I'm going to divulge one of my priceless secrets to all of you: Clara's Foolproof Method of Immersing Herself in Every New Place Ever. (And take my word on this, because this is one thing I excel at beyond all others.)
  • Start doing everything you can think of to do, starting with touristy things if you have to. (For example, I started on the Visit Wilmington website.) It may be helpful to make a list (because I have already forgotten scores of places I meant to check out, that I haven't yet). If this list starts to grow at exponential rates, do not be alarmed; this is normal. The more places you go, the more places you find out about or stumble upon or notice that you also must add to your list. I warn you, this may be one list that never ends.
  • Patronize local businesses. This will get you quickly up to speed with important local issues, with the way people know each other and the way people do business. Plus, you just get invested in the community where you now live, because you are putting your dollars into it. A third added benefit of this is that you can choose to become a regular patron of these places, and the people who own and work there start to recognize you and know you, and they start to trust you. It may not go beyond that, but it never hurts to build that cred and rapport.
  • Join groups. You might stumble upon these groups at your favorite businesses, at the gym, at places you like. You can also do Twitter, Facebook, or web searches or try Meetup, which hasn't done a whole lot for me but has been a lifesaver for a lot of people I know.
OK, so it's not a grand, dangerous DaVinci Code-type secret. But still. I promise you, it works. And if I had to boil it down into one bite-sized, 3-syllable masterpiece it would be simply this:

Leave your house.

Easy peasy.

So, Mutti and I headed to Panera and sat down in the meeting room with other area writers. This is her third meeting, and my second, with this tirelessly interesting crowd, and we have met and spoken to different people every time. It's inspiring and incredibly motivational.

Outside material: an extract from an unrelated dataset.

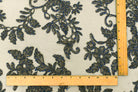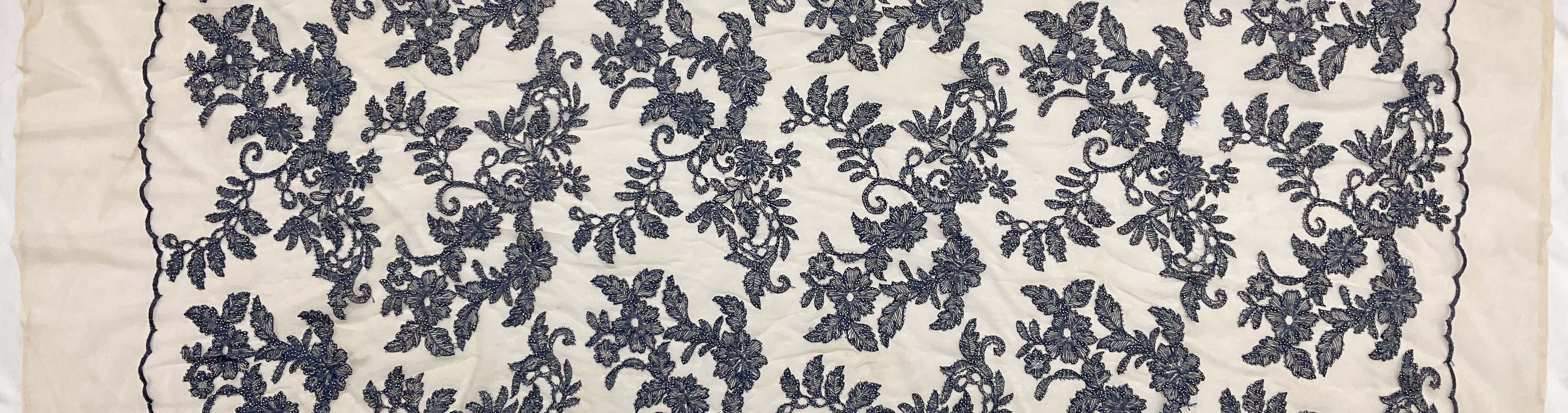 -Embroidered floral and scallop bordered pattern with beads on a mechanical stretch 100% polyester mesh tulle knit fabric

It is December 1, but it's 51 degrees and sunny. As usual, I walked here (to the library), and stopped at Papa's Italian Market around the corner from my house for a piece of tomato pie.
QUESTION: Is tomato pie a Delaware thing? Our informal poll at work says yes. This is the second, more widespread informal poll. Let me know in the comments if you eat it where you're from/where you are now.
So I am walking through my neighborhood to my local library (a phrase which always reminds me of PBS), eating tomato pie, and I get this sense of almost belonging. I savor this in moments since it seems to much to hope for to ever take that for granted: belonging.